Money Spent with Few Results to Show

What do commissions do? The answer depends on who’s talking. In the case of BiH’s 52 government institutions, commissions have been created to launch pet projects or serve as a pit where authorities can dump difficult political issues. Not all commissioners are paid, but those who are collected at least 3 million KM in the most recent three-year period.

One of the BiH State Property Commission’s last sessions in 2009. The commission spent years working with no results to show for it.

Bosnia and Herzegovina’s 52 government institutions created more than 900 commissions from the year 2006 through 2008, spending at least 3 million KM just to pay the members of those panels. And that figure comes from incomplete data.

Calculations by the Center for Investigative Reporting in Sarajevo (CIN) indicate that commissions were often set up when authorities wanted to launch a pet project or to shift responsibility for a difficult political issue from the ministerial offices to an ‘expert group’ given the task of settling it.

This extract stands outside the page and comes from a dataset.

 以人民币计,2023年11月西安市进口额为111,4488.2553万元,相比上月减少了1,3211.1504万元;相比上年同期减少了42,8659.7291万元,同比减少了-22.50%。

The commissions were often formed without strict deadlines to get the job done, with remuneration set at the outset regardless of the commission’s results. It was common for commissions to convene during working hours, and yet members were paid both fees for their commission activities and salaries from the agencies that employed them.

Adnan Terzić, former chairman of the BiH Council of Ministers: ‘The Commission for Sarajevo was set up so as not to work.’

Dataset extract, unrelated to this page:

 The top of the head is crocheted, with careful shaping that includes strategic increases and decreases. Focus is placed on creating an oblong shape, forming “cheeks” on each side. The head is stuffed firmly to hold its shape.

A prime example of shifting responsibility came in May 2006, when the BiH Council of Ministers, led then by Prime Minister Adnan Terzić, was pressured by Republika Srpska (RS) members of parliament to establish a truth commission on war casualties in Sarajevo, a long-contentious issue.

The commission operated for less than six months, did no research and cost the state 230,000 KM.

The BiH Council of Ministers took steps in September 2007 to limit its spending on commissions, but before that it commonly established a number of high budget commissions with little or no results. The files show numerous examples.

Zvonimir Kutleša, president of the BiH State Property Commission: ‘The issue of the State Property Commission is not of a legal, but of a political nature.’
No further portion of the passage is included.